Он звонил ей не просто каждый день, а по многу раз на дню. И поначалу видел толк от появившихся мобильных телефонов прежде всего в том, что можно в любую минуту связаться с внучкой. Фильм «Ворошиловский стрелок» — про Михаила Александровича.
О добрых делах и огромном сердце
В холле их квартиры постоянно висела бумажная «простыня» с напоминаниями, куда и во сколько он должен пойти «по делам». И чаще всего «дела» не были его личными: для кого-то надо было о чем-то похлопотать, замолвить слово, помочь, достать… Однажды после спектакля в Омске на сцену поднялась девушка и подарила Михаилу Александровичу кружку с его портретом.

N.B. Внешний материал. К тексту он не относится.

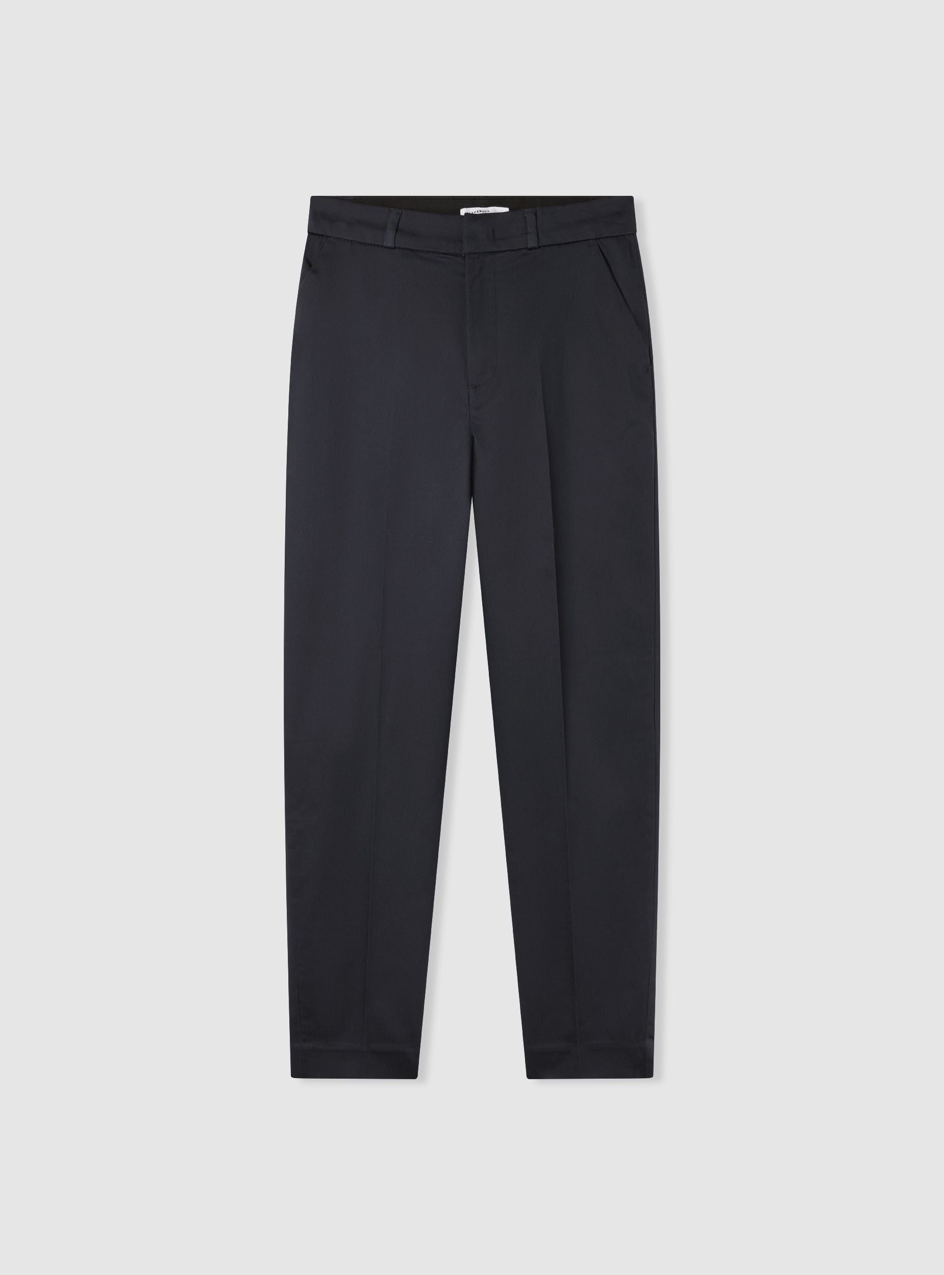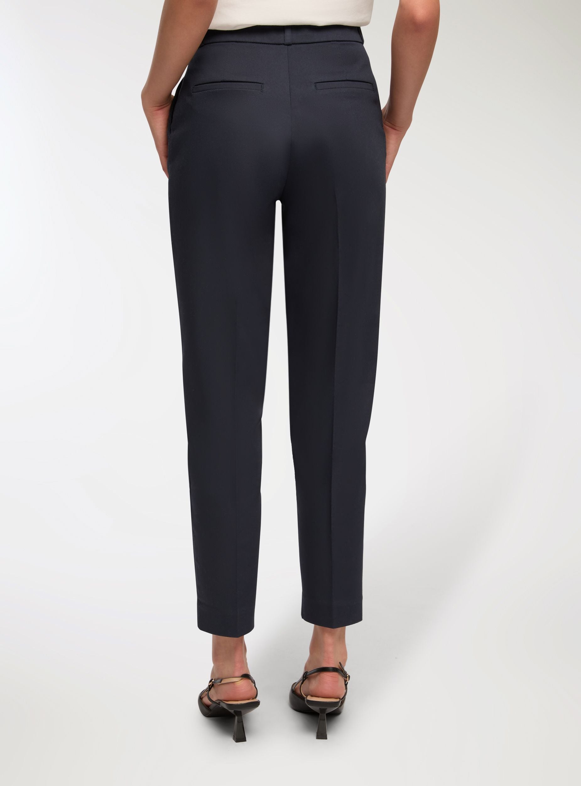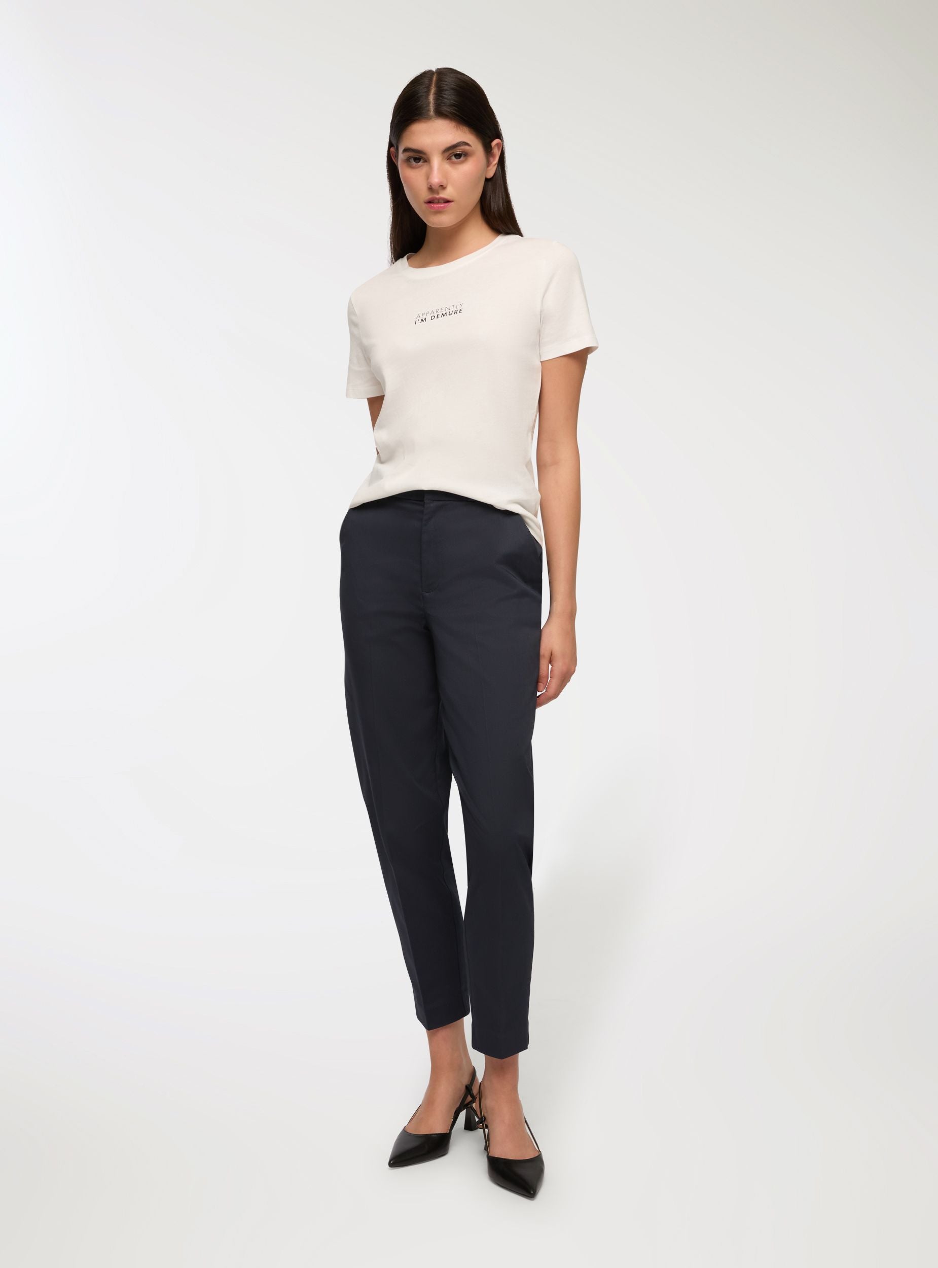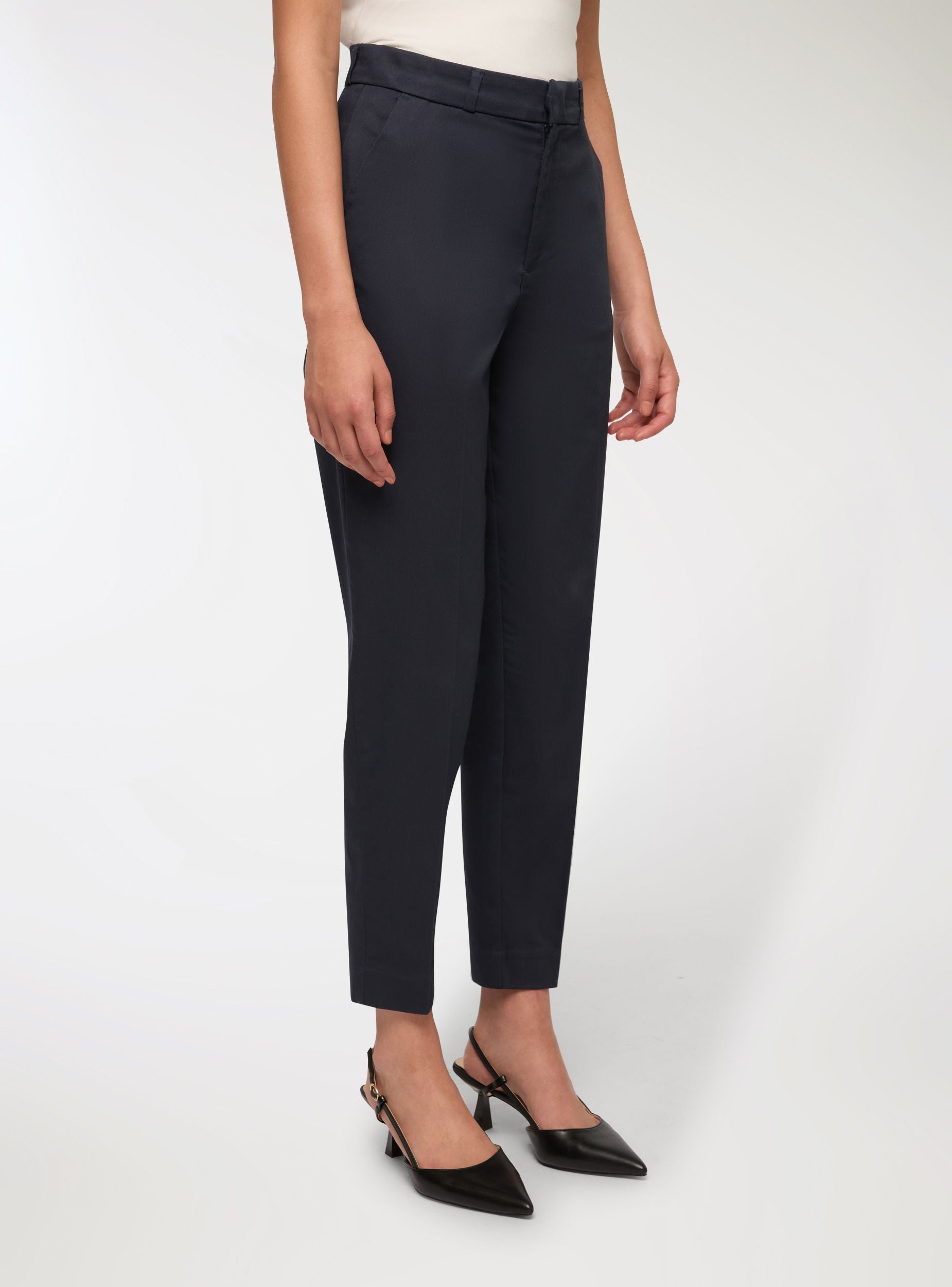 Pantaloni lunghi da donna, modello chino, con vestibilità regolare, ideali per un look formale o casual. Dotati di chiusura con bottone, zip e gancio, presentano tasche laterali e passanti per cintura. Il design a sigaretta valorizza la silhouette, rendendoli perfetti per essere abbinati a camicie o bluse per un outfit da ufficio o occasioni eleganti. La loro versatilità li rende un capo indispensabile nel guardaroba.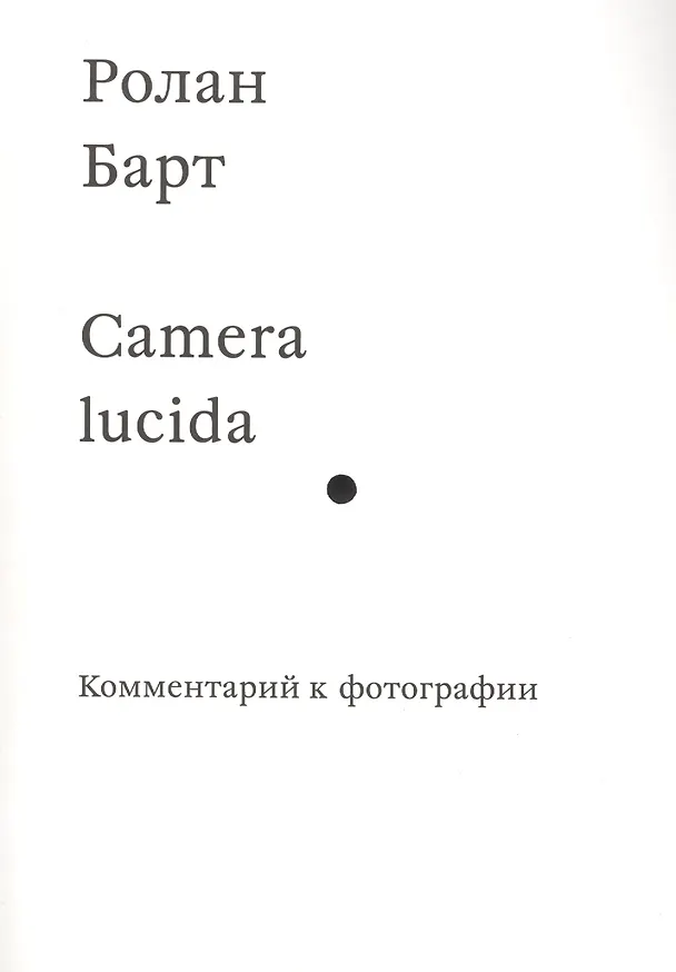 Camera lucida (лат. camera lucida, дословно «светлая комната») – вспомогательное оптическое устройство для рисования и копирования предметов в перспективе. Между глазами рисовальщика и листом бумаги располагается призма, установленная таким образом, что свет отражается от копируемого предмета и падает на бумагу, создавая на ней изображение. «Camera lucida. Комментарий к фотографии» (1980) Ролана Барта – одно из первых фундаментальных исследований природы фотографии и одновременно оммаж покойной матери автора. Интерес к случайно попавшей в руки фотографии 1870 г. вызвал у Барта желание узнать, благодаря какому существенному признаку фотография выделяется из всей совокупности изображений. Зада

«Спасибо за то, что вы есть. Вы мне жизнь спасли», — сказала. А тот смотрит и ничего не понимает. Оказалось, несколько лет назад ей потребовалась сложная операция, делали такие только в Москве, и попасть на оную было нереально. Родителям девочки посоветовали обратиться к Ульянову: мол, знаменитый артист — хороший мужик и к тому же земляк. С большим трудом нашли его телефон, очень волновались… Конечно, Миша все устроил, девочку прооперировали, она осталась жить. Я ревела, слушая этот рассказ, а он так ее и не вспомнил. Потому что таких девочек у него были десятки!
Про проблемы в театре
А дела в театре, месте, которое Миша любил больше всего на свете, у него складывались парадоксально. Его невероятно ценили как актера, коллегу, общественного деятеля, и не было в Театре имени Вахтангова человека с большим авторитетом, чем у Ульянова.
Но все изменилось в один миг, когда его утвердили художественным руководителем. Назначали из министерства, голосовали, ругались, труппа фактически раскололась!
Это был тяжелый период. Михаил Александрович приглашал то одних режиссеров, то других, но по большому счету «выстрелил» только Фоменко. Предлагал спектакли, которые потом не утверждали, и убирал из репертуара то, что, по нашему представлению, должно было идти. Пропасть между ним и коллективом росла на глазах. Актер один, способный, но очень пьющий, мне говорил: «Такая ошибка — назначить Ульянова…» «Сами же предложили, сами выступали!» — взорвалась я. — «Мы ошиблись!» А потом Миша заболел.
Крепкий, сильный мужик! Да что там говорить, мы все привыкли к тому, что наш Ульянов — это громадный творческий потенциал и сильная мужественная внешность, маршал Жуков во плоти! О том, что душа у Миши нежная, ранимая, будто не в то тело попала, догадывались разве что близкие.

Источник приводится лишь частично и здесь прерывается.